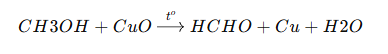 Khi cho metanol (CH3OH) tác dụng với đồng(II) oxit (CuO) và đun nóng, xảy ra phản ứng:
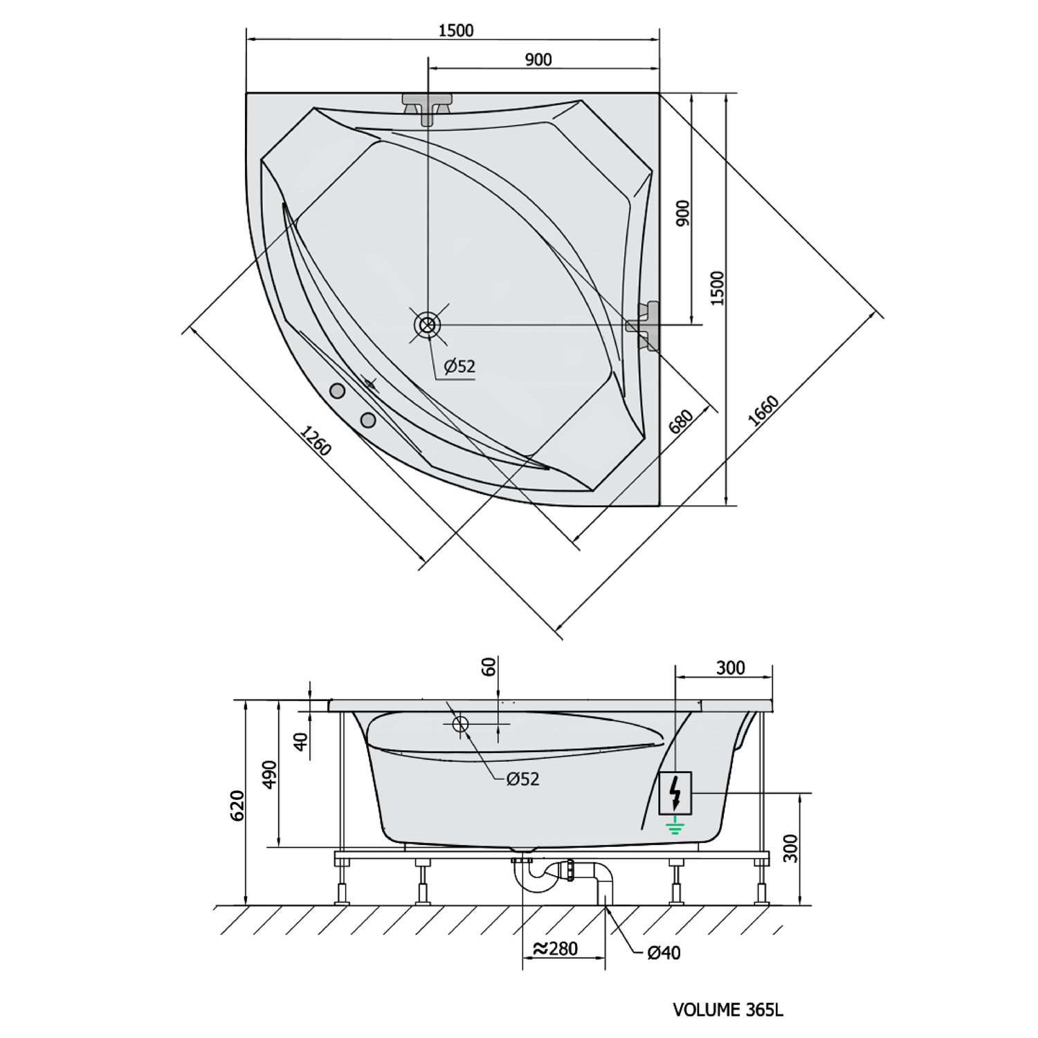 • Easy to install (like standard baths + electric supply)
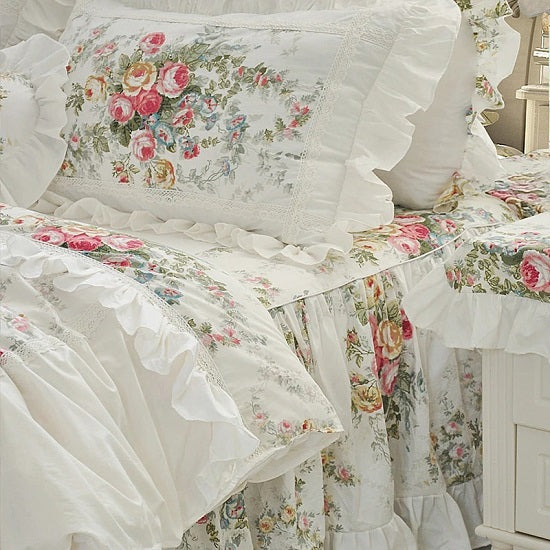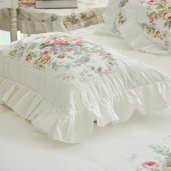 Add an elegant touch to your bedroom with our Luxury White Lace Princess Flowers Cotton Lace Ruffles Duvet Cover Bedding Set. Made with high-quality cotton, this set features delicate lace and ruffled accents for a romantic and sophisticated look. Includes pillow covers for a complete set.
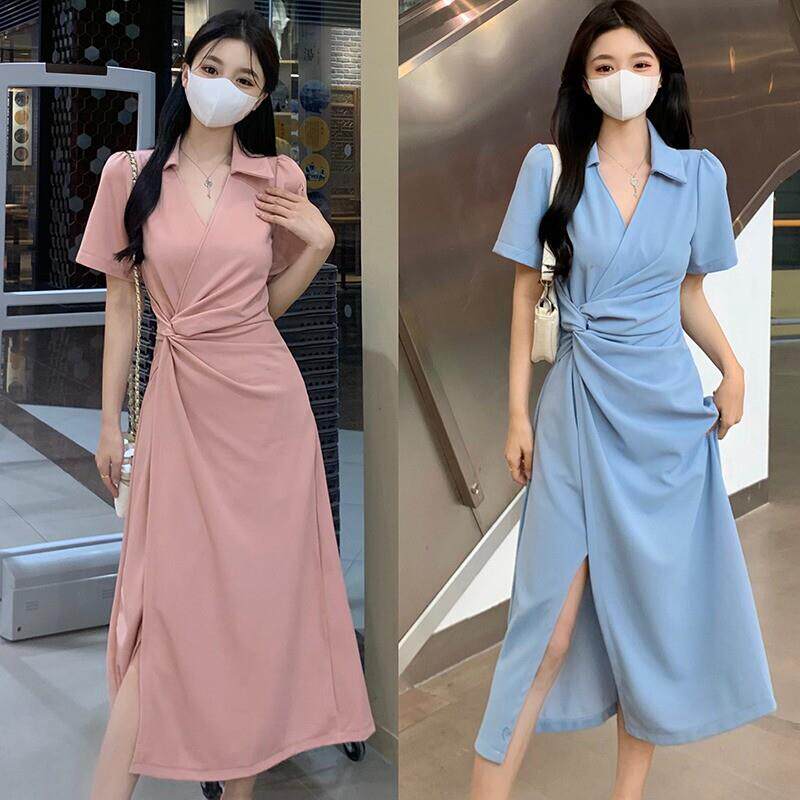 大码女装胖mm海边度假连衣裙女夏季开叉遮肚藏肉包臀显瘦中长裙子
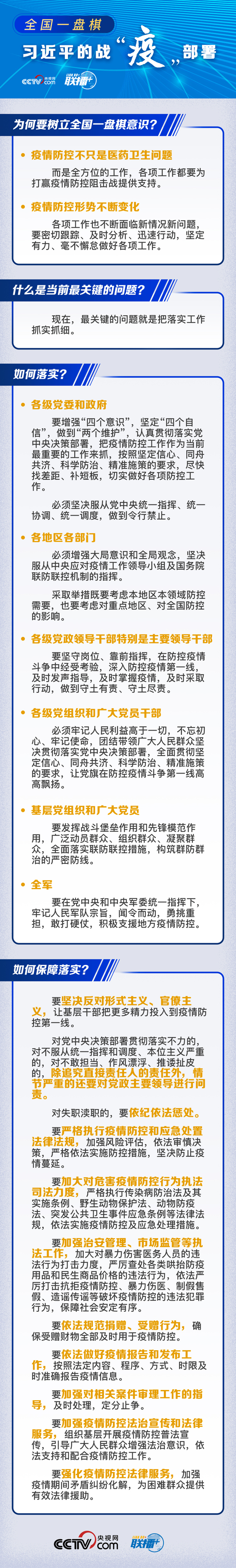 “要在黨中央集中統一領導下,始終把人民群眾生命安全和身體健康放在第一位,從立法、執法、司法、守法各環節發力,全面提高依法防控、依法治理能力,為疫情防控工作提供有力法治保障。”
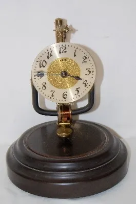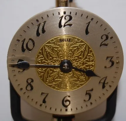 marked Bulle gold metal dial with embossed center; swinging pendulum; Bakelite base; looks to be complete. Not tested. (Minor nicks to rim of base.) 1...
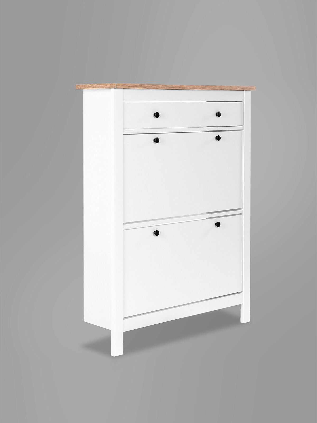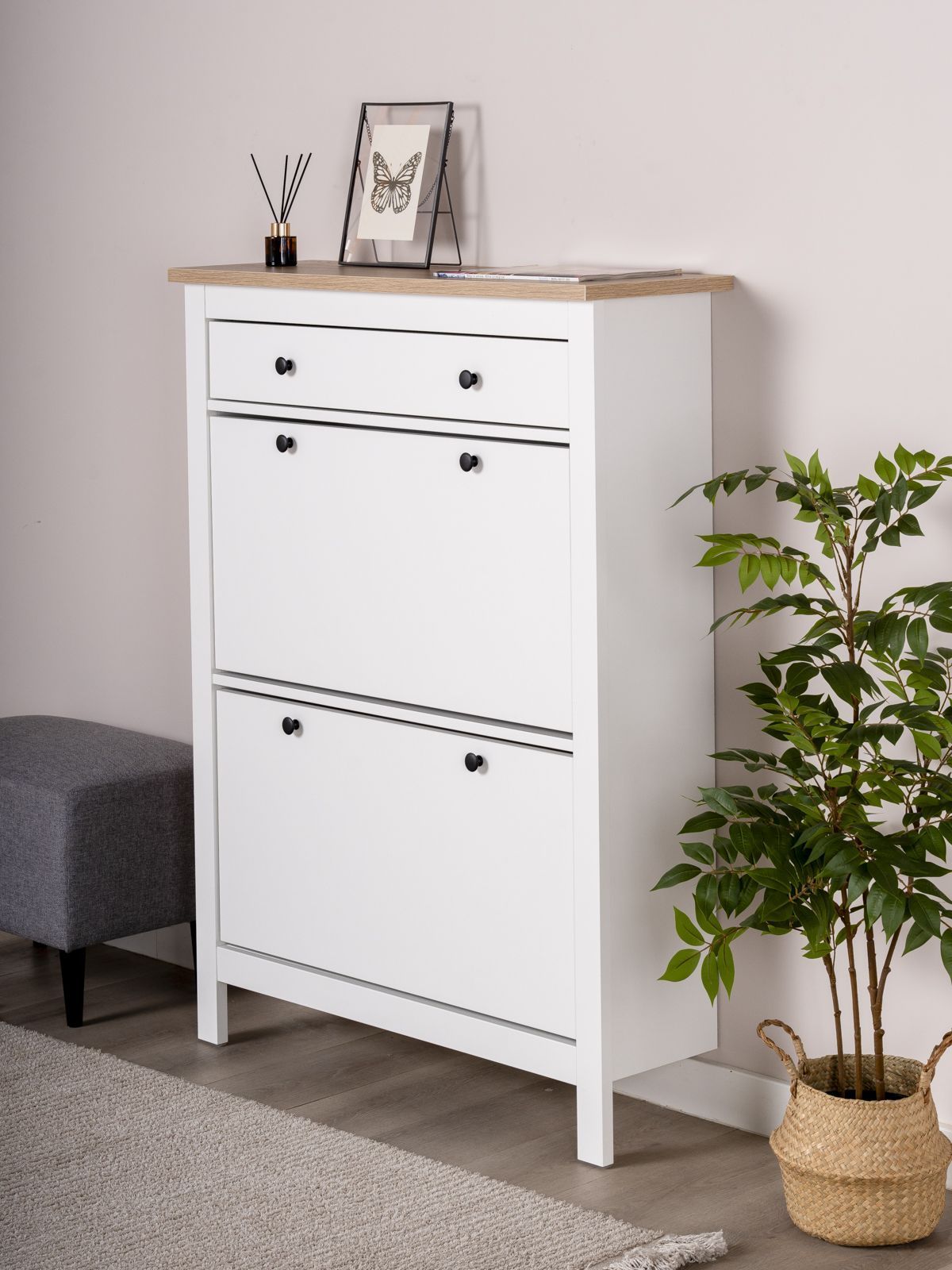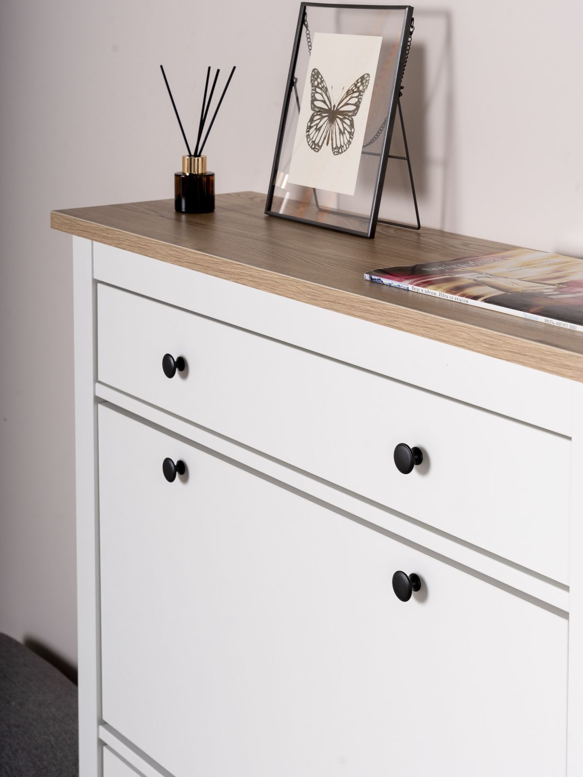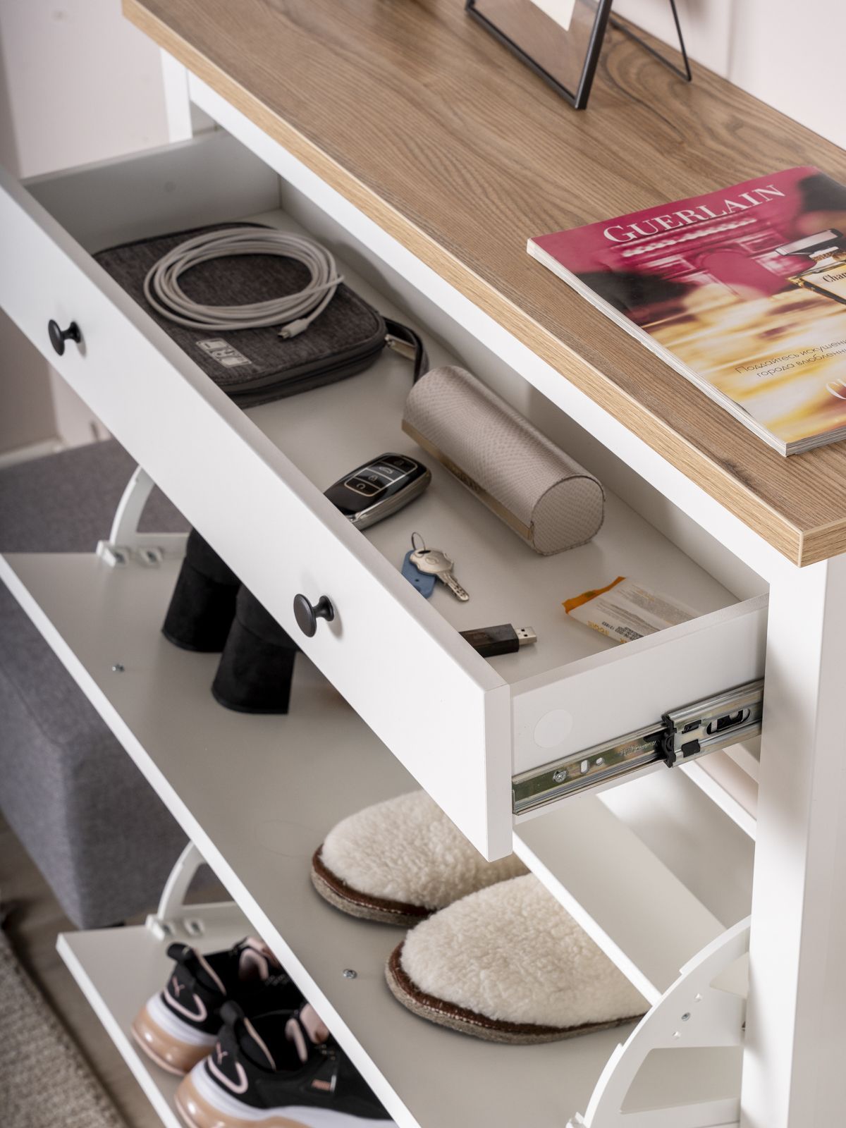 САГА тумба для обуви 92х122— элегантность и качество в каждой детали! Серия мебели САГА вдохновлена популярной серией HEMNES от IKEA, и станет идеальным дополнением вашей квартиры. Почему выбирают САГА тумба для обуви 92х122? Тумба для обуви САГА — это компактное, стильное и функциональное решение для хранения, которое идеально впишется в любой интерьер, будь то прихожая, гардеробная или даже балкон. Ее продуманный дизайн и удобные особенности делают ее незаменимым помощником в организации порядка. Главная особенность тумбы — две откидывающихся полки, на которых можно с комфортом разместить до восьми пар обуви. Это позволяет легко доставать и убирать обувь, сохраняя ее в идеальном состоянии. Тумба оснащена надежными магнитными фиксаторами, которые обеспечивают безопасность и предотвращают случайное падение полки. Вы можете быть уверены, что обувь останется на своем месте. Также у тумбы есть выдвижной ящик, направляющими полного выдвижения и доводчиками, в котором удобно хранить ключи, и другие мелочи. Тумба для обуви САГА — это не просто место для хранения, а стильный и функциональный элемент вашего интерьера. Она поможет поддерживать порядок, сэкономит пространство и станет удобным решением для хранения вашей обуви. Дополните свою прихожую или гардеробную этой тумбой и наслаждайтесь идеальной организацией!
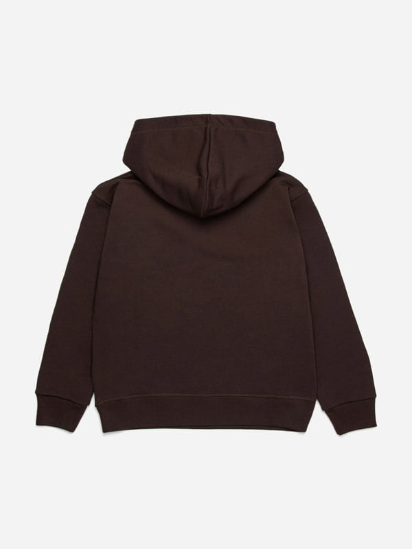 DSquared2 Kids Icon Pocket Hoodie in brown, part of the SS2025 collection. The design comes in a rich brown colourway and includes an icon pocket detail. A versatile hoodie style for everyday wear, with a unisex look stated as suitable for both girls and boys.
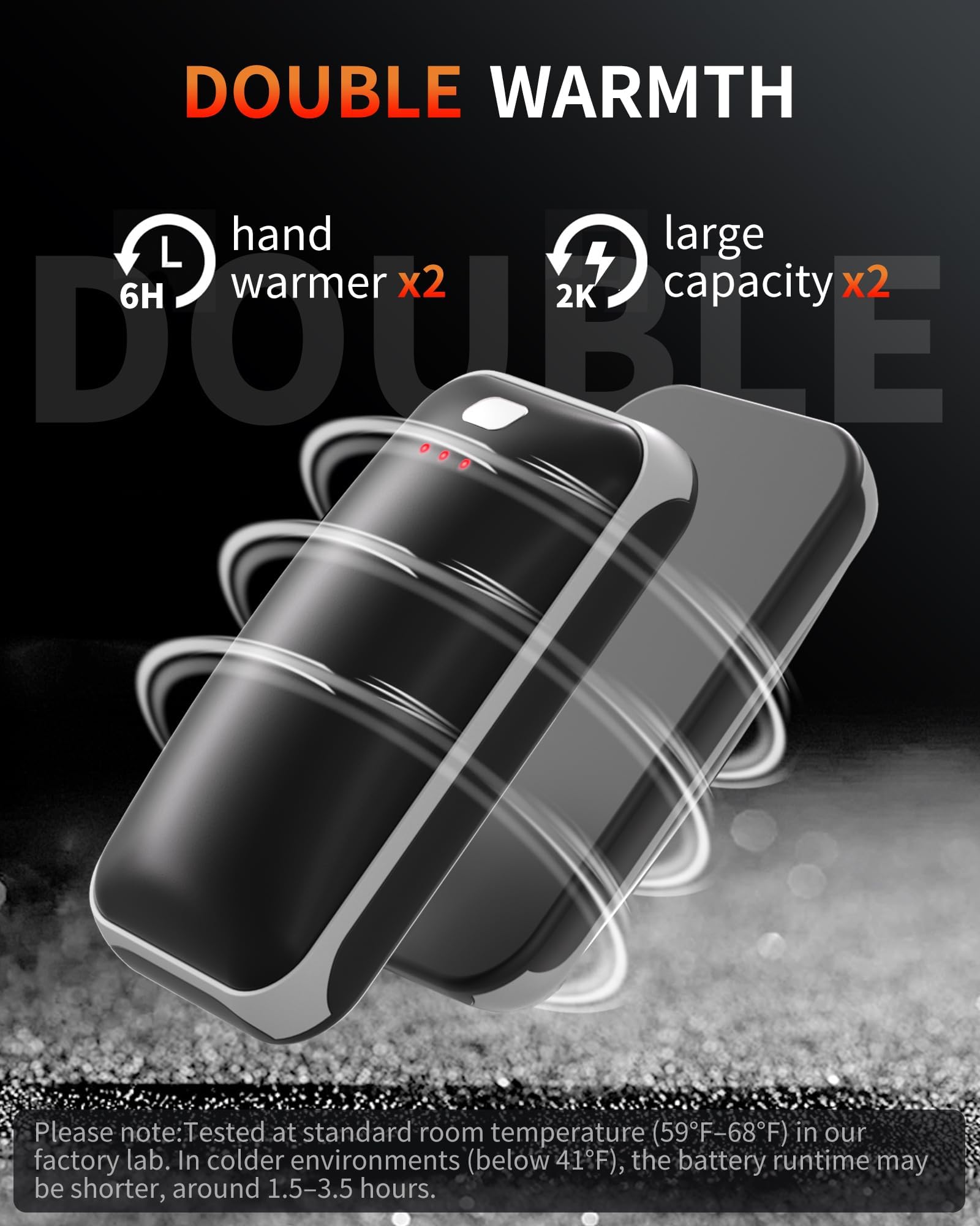 - 【חום לאורך כל היום וטעינה מהירה】 מחממי הידיים שלנו, המצוידים בשבבים איכותיים ובסוללות כפולות של 2000 מיליאמפר/שעה, מציעים חום לאורך זמן תוך שמירה על משקל קל. כבל הטעינה הדו-צדדי מבטיח טעינה מהירה תוך שעתיים עד שלוש בלבד, כך שתמיד תהיו מוכנים להישאר חמים.
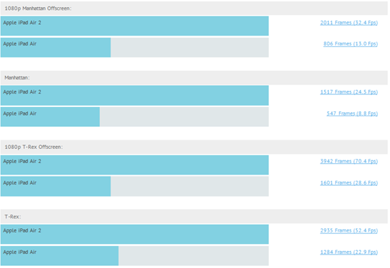 Если о процессорной части второго iPad Air достоверно известно об использовании трехъядерного процессора, то официальных данных о GPU не появлялось. Предполагается, что это PowerVR GX6650 в максимальной конфигурации с шестью активными кластерами. Впрочем, обычных пользователей больше интересует итоговая производительность. Оценить быстродействие моделей можно по бенчмаркам GFXBench 3.0:
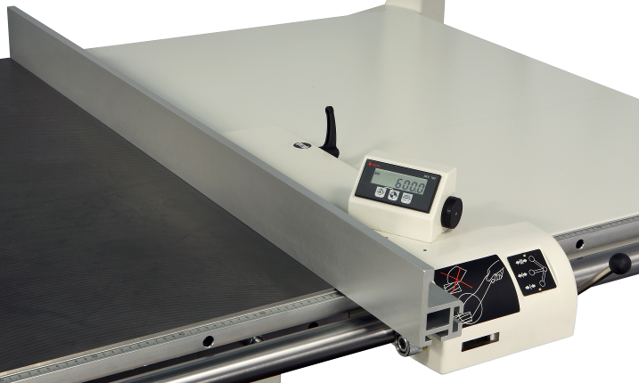 Линейка с 3-мя ЖК датчиками (индикаторами) положения перекидных упоров, каждый упор снабжен системой считывания по магнитной ленте и отображением размеров на индикаторе с ЖК-дисплеем

- **WORK ORDER**
Print, exactly and only, the lines running from the line with "Если о процессорной" through the last line of the data, including both. Skip any picture.

- **RESPONSE AREA**
 Если о процессорной части второго iPad Air достоверно известно об использовании трехъядерного процессора, то официальных данных о GPU не появлялось. Предполагается, что это PowerVR GX6650 в максимальной конфигурации с шестью активными кластерами. Впрочем, обычных пользователей больше интересует итоговая производительность. Оценить быстродействие моделей можно по бенчмаркам GFXBench 3.0:
 Линейка с 3-мя ЖК датчиками (индикаторами) положения перекидных упоров, каждый упор снабжен системой считывания по магнитной ленте и отображением размеров на индикаторе с ЖК-дисплеем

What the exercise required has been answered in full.